## Required work:
Set every line of the data down again exactly, and keep the pictures out.

===== Dataset entries =====

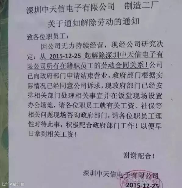 就在工厂老板承诺春节前一定兑现全部工资后,12月25日圣诞节,一纸文书,打破了2600名员工的平静!深圳中天信宣布歇业,两千员工被解除合同,突然失业!
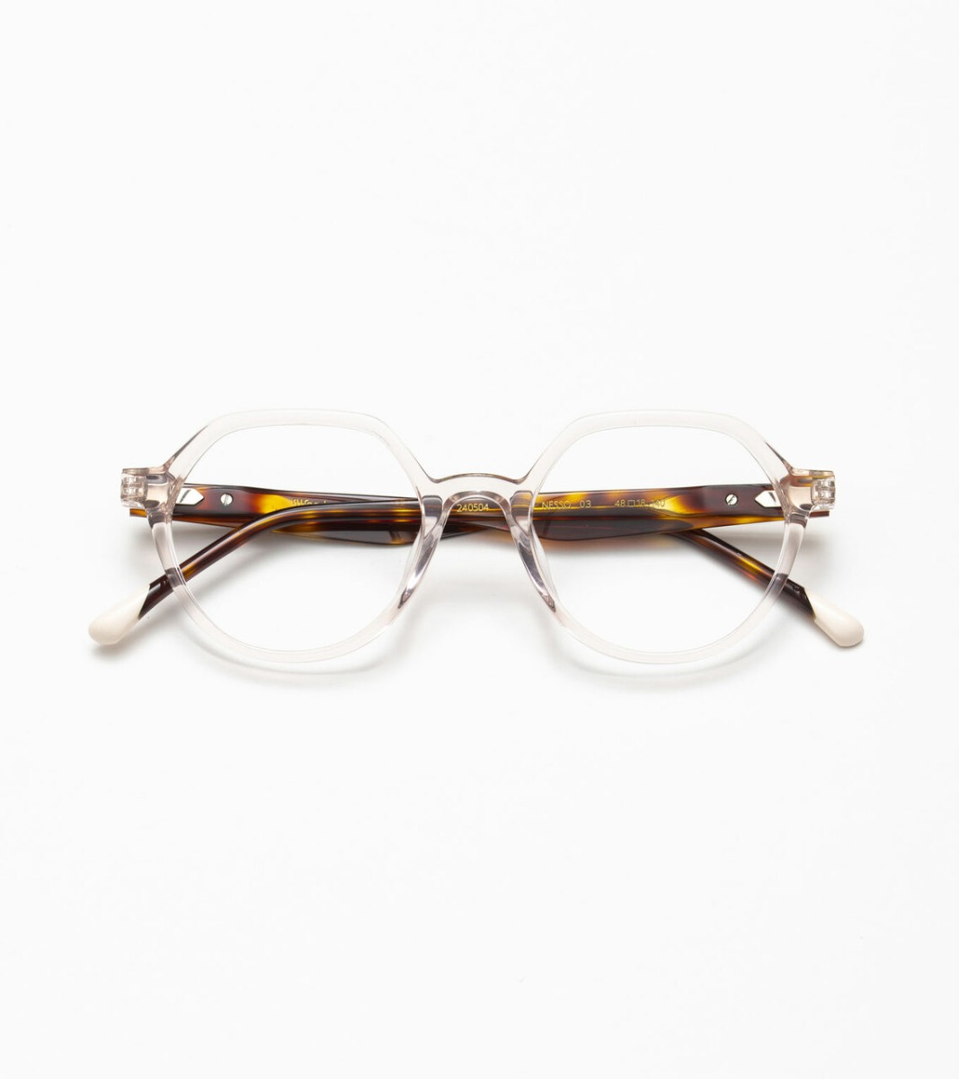 Στρογγυλός σχεδιασμός από ιταλική ακετάτη με μειωμένο μέγεθος για μικρά πρόσωπα. Οι βραχίονες από ακετάτη διαθέτουν επένδυση στις άκρες και γερμανικούς μεντεσέδες OBE Spike.
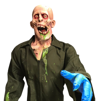 Twisted toxic zombie figure with stand. Perfect prop for your haunted house or Halloween setup.
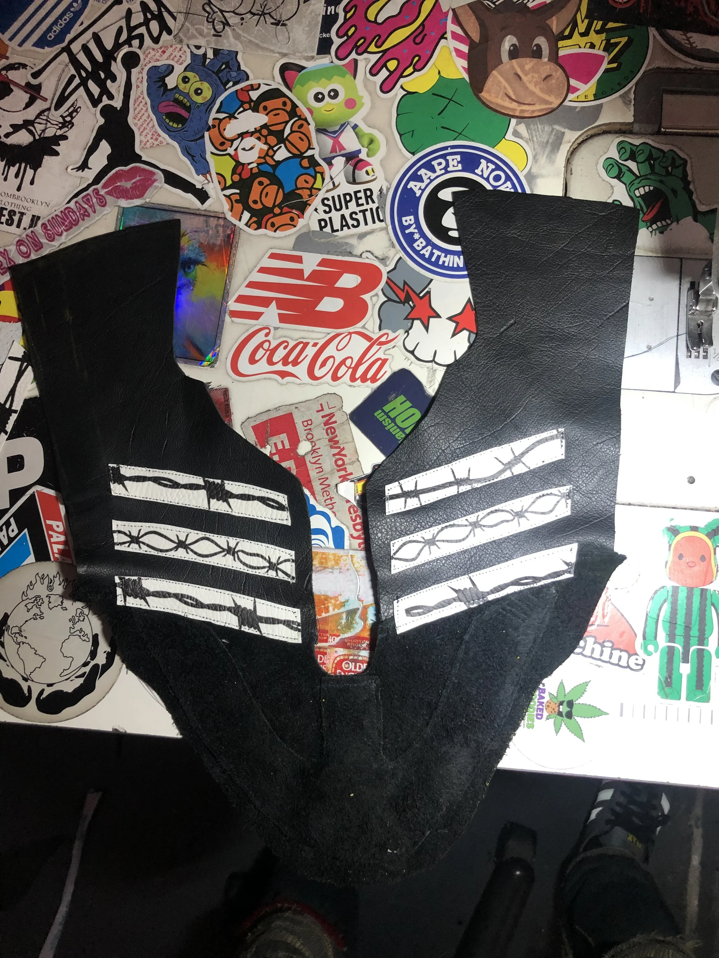 Seeing customized sambas on instagram is what made me realize I had the foundational skills to do the same thing. As a result, this was the sneaker I used to take apart, practice, and understand the anatomy of a sneaker leading my first footwear designs to be sambas with altered details. All of these shoes were given barbed wire stripes as well as a complete change of materials from the toe box until just before the heel. The thermochromic pair is my favorite, they change colors in reaction to heat from brown to pink and from pink to yellow.
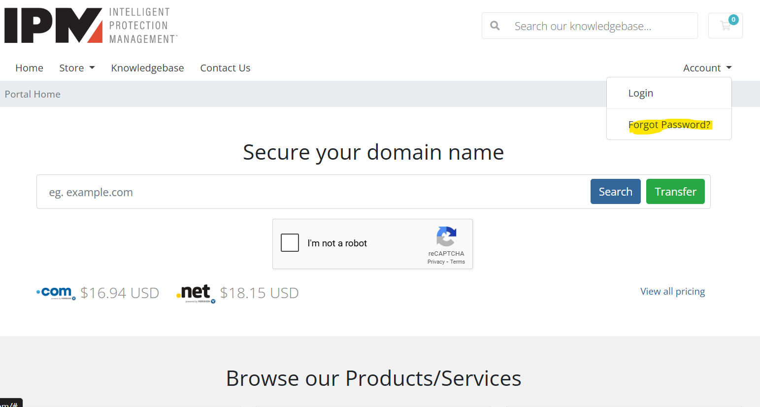 1. Navigate to https://manage.ipm.com. You will see the Account button in the top right corner. Click that, then Forgot Password.
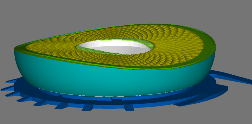 盧賽爾城當(dāng)?shù)?s陣風(fēng)基本風(fēng)速為38m/s,風(fēng)工程團(tuán)隊(duì)在風(fēng)洞中制作了1:250的模型,按照ASCE/SEI7-16和ASCE/SEI49-12的要求進(jìn)行了風(fēng)洞試驗(yàn)和相關(guān)數(shù)據(jù)處理,給出了36個(gè)風(fēng)向下風(fēng)壓系數(shù)分布以及50年重現(xiàn)期下極值壓力的統(tǒng)計(jì)值。根據(jù)風(fēng)洞試驗(yàn)數(shù)據(jù),對(duì)盧塞爾體育場(chǎng)的風(fēng)振響應(yīng)進(jìn)行了分析,并提供了50年一遇的等效靜風(fēng)荷載。夏馬風(fēng)是中亞及波斯灣一帶一種強(qiáng)烈的西北風(fēng),通常會(huì)產(chǎn)生大型沙塵暴。夏馬風(fēng)可能會(huì)將地面沙塵卷入空中并在體育場(chǎng)屋面發(fā)生沉積。風(fēng)工程團(tuán)隊(duì)使用CFD軟件對(duì)盧塞爾體育場(chǎng)周圍的風(fēng)沙運(yùn)動(dòng)進(jìn)行了全尺度數(shù)值模擬,獲得了屋面上的積沙分布情況。
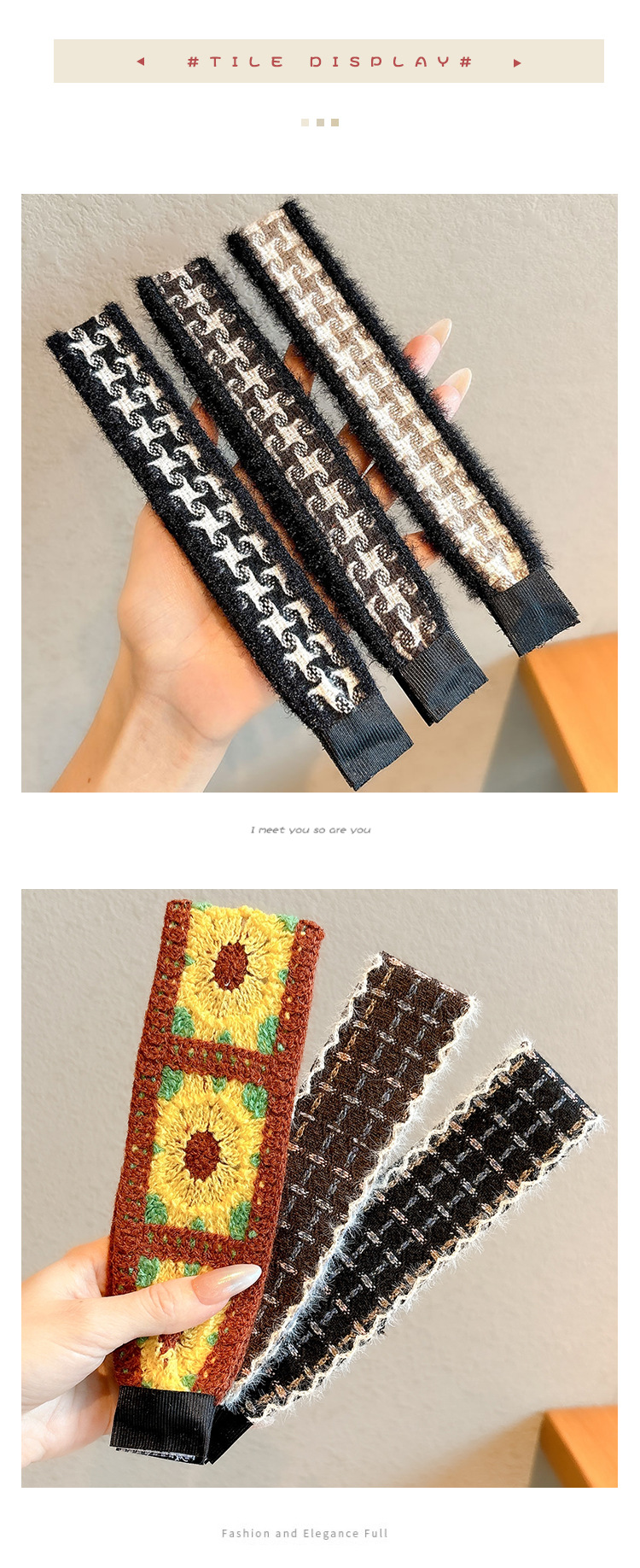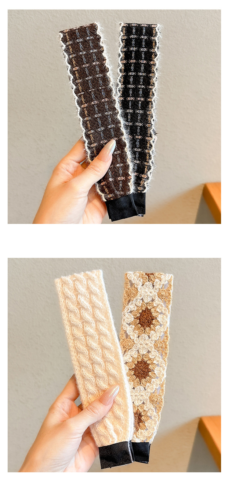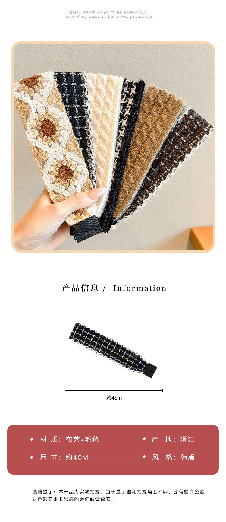 style 7: coffee-colored plaid with lace trim, approximately 4cm wide and 36cm long.
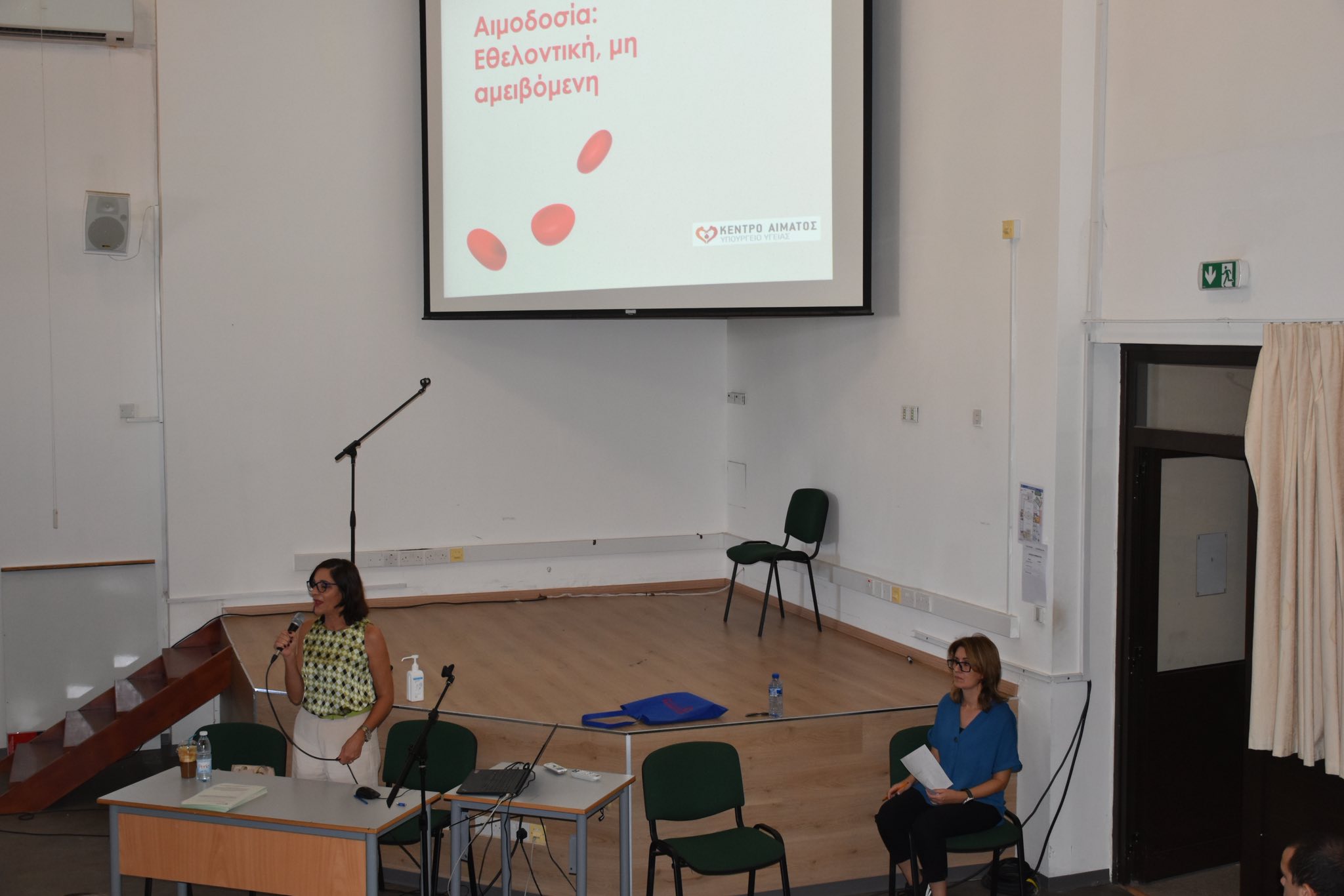 Σκοπός της διάλεξης ήταν η ενημέρωση και η ευαισθητοποίηση των τελειοφοίτων γύρω από τη σημασία της εθελοντικής προσφοράς αίματος για τον συνάνθρωπό μας. Η κυρία Στέλλα Πέτρου, λειτουργός του Κέντρου Αίματος, ενημέρωσε τους μαθητές και μαθήτριες της Γ΄ Λυκείου για τα οφέλη της αιμοδοσίας και

=====

## Answer to this exercise:
 就在工厂老板承诺春节前一定兑现全部工资后,12月25日圣诞节,一纸文书,打破了2600名员工的平静!深圳中天信宣布歇业,两千员工被解除合同,突然失业!
 Στρογγυλός σχεδιασμός από ιταλική ακετάτη με μειωμένο μέγεθος για μικρά πρόσωπα. Οι βραχίονες από ακετάτη διαθέτουν επένδυση στις άκρες και γερμανικούς μεντεσέδες OBE Spike.
 Twisted toxic zombie figure with stand. Perfect prop for your haunted house or Halloween setup.
 Seeing customized sambas on instagram is what made me realize I had the foundational skills to do the same thing. As a result, this was the sneaker I used to take apart, practice, and understand the anatomy of a sneaker leading my first footwear designs to be sambas with altered details. All of these shoes were given barbed wire stripes as well as a complete change of materials from the toe box until just before the heel. The thermochromic pair is my favorite, they change colors in reaction to heat from brown to pink and from pink to yellow.
 1. Navigate to https://manage.ipm.com. You will see the Account button in the top right corner. Click that, then Forgot Password.
 盧賽爾城當(dāng)?shù)?s陣風(fēng)基本風(fēng)速為38m/s,風(fēng)工程團(tuán)隊(duì)在風(fēng)洞中制作了1:250的模型,按照ASCE/SEI7-16和ASCE/SEI49-12的要求進(jìn)行了風(fēng)洞試驗(yàn)和相關(guān)數(shù)據(jù)處理,給出了36個(gè)風(fēng)向下風(fēng)壓系數(shù)分布以及50年重現(xiàn)期下極值壓力的統(tǒng)計(jì)值。根據(jù)風(fēng)洞試驗(yàn)數(shù)據(jù),對(duì)盧塞爾體育場(chǎng)的風(fēng)振響應(yīng)進(jìn)行了分析,并提供了50年一遇的等效靜風(fēng)荷載。夏馬風(fēng)是中亞及波斯灣一帶一種強(qiáng)烈的西北風(fēng),通常會(huì)產(chǎn)生大型沙塵暴。夏馬風(fēng)可能會(huì)將地面沙塵卷入空中并在體育場(chǎng)屋面發(fā)生沉積。風(fēng)工程團(tuán)隊(duì)使用CFD軟件對(duì)盧塞爾體育場(chǎng)周圍的風(fēng)沙運(yùn)動(dòng)進(jìn)行了全尺度數(shù)值模擬,獲得了屋面上的積沙分布情況。
 style 7: coffee-colored plaid with lace trim, approximately 4cm wide and 36cm long.
 Σκοπός της διάλεξης ήταν η ενημέρωση και η ευαισθητοποίηση των τελειοφοίτων γύρω από τη σημασία της εθελοντικής προσφοράς αίματος για τον συνάνθρωπό μας. Η κυρία Στέλλα Πέτρου, λειτουργός του Κέντρου Αίματος, ενημέρωσε τους μαθητές και μαθήτριες της Γ΄ Λυκείου για τα οφέλη της αιμοδοσίας και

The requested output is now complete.